# Bala sharks



## Raptor (Jan 3, 2003)

So far the piraya have no interest in them. They are pretty cool to have shoeling with my p's. And they do a hell of a clean up job. The damn pleco hides all the time, never comes out. He gets all his food from where he sits under the driftwood. Atleast these guys are out in the open. Theres not a nip on them. The piraya will instantly hit feeders though.
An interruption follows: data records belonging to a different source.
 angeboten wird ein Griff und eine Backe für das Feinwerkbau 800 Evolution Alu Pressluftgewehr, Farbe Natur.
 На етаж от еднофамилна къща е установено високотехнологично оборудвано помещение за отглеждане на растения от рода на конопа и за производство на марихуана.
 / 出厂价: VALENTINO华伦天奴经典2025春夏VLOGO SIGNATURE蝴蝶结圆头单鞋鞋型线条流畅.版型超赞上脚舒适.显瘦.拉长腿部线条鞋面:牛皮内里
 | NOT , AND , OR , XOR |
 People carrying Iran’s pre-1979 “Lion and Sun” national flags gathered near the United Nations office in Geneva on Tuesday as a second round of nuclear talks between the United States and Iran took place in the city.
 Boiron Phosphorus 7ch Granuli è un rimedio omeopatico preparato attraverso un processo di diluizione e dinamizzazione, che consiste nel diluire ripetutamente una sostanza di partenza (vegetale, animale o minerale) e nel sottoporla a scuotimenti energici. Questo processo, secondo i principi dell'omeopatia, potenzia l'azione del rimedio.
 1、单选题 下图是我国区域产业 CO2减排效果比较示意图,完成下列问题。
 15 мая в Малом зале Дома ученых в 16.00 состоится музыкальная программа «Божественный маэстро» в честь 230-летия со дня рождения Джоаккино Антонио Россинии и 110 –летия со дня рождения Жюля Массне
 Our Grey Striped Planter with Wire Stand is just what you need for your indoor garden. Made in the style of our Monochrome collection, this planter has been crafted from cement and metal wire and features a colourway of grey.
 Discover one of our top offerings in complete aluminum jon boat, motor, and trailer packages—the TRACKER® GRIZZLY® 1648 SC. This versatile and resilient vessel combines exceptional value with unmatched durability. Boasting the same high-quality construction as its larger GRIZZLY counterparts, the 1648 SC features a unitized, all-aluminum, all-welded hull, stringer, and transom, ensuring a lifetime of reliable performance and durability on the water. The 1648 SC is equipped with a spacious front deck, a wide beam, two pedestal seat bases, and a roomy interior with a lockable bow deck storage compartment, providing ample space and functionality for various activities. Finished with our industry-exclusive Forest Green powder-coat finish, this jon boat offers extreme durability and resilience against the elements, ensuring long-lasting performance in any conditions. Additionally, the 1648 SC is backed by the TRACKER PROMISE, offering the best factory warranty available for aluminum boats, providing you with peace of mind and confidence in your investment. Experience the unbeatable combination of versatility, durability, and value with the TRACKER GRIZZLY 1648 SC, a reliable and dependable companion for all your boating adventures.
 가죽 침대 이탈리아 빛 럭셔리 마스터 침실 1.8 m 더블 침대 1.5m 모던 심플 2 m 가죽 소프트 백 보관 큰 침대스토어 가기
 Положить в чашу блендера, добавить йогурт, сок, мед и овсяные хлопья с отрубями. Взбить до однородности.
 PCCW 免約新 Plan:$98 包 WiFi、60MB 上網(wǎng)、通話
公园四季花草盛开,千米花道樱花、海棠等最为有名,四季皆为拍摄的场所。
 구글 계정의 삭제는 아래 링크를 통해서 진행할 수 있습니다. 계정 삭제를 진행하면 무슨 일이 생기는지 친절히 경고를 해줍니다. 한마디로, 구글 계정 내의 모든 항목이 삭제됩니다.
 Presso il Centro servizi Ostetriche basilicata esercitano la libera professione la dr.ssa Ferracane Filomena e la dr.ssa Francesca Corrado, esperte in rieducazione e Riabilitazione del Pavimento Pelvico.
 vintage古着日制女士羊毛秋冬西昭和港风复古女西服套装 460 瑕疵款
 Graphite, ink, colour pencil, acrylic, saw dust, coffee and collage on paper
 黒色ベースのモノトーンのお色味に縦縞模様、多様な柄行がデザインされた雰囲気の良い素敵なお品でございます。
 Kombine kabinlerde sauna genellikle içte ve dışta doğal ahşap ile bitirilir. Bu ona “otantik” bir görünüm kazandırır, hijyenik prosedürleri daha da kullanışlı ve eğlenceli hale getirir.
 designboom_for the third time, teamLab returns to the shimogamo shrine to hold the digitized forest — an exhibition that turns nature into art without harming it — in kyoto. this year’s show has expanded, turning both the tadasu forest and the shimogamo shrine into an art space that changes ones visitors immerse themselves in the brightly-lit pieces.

So i am happy they are still around.


----------



## Innes (Jan 13, 2003)

great to hear - get a pic and enter it for pic of the month


----------



## Xenon (Nov 15, 2002)

How long they been in there?


----------



## Raptor (Jan 3, 2003)

3 weeks now and doing good.


----------



## Croz (Jan 29, 2003)

good stuff and they grow huge , mine were 8" before they died from pop-eye


----------



## JesseD (Mar 26, 2003)

ur pleco prolly comes out at night to eat...


----------



## Death in #'s (Apr 29, 2003)

Croz said:


> good stuff and they grow huge , mine were 8" before they died from pop-eye


 what is pop-eye ???


----------



## Innes (Jan 13, 2003)

pop-eye is a desiese which can cause the fishes eyes to buldge out, its a bit like a black moor goldfish's eyes


----------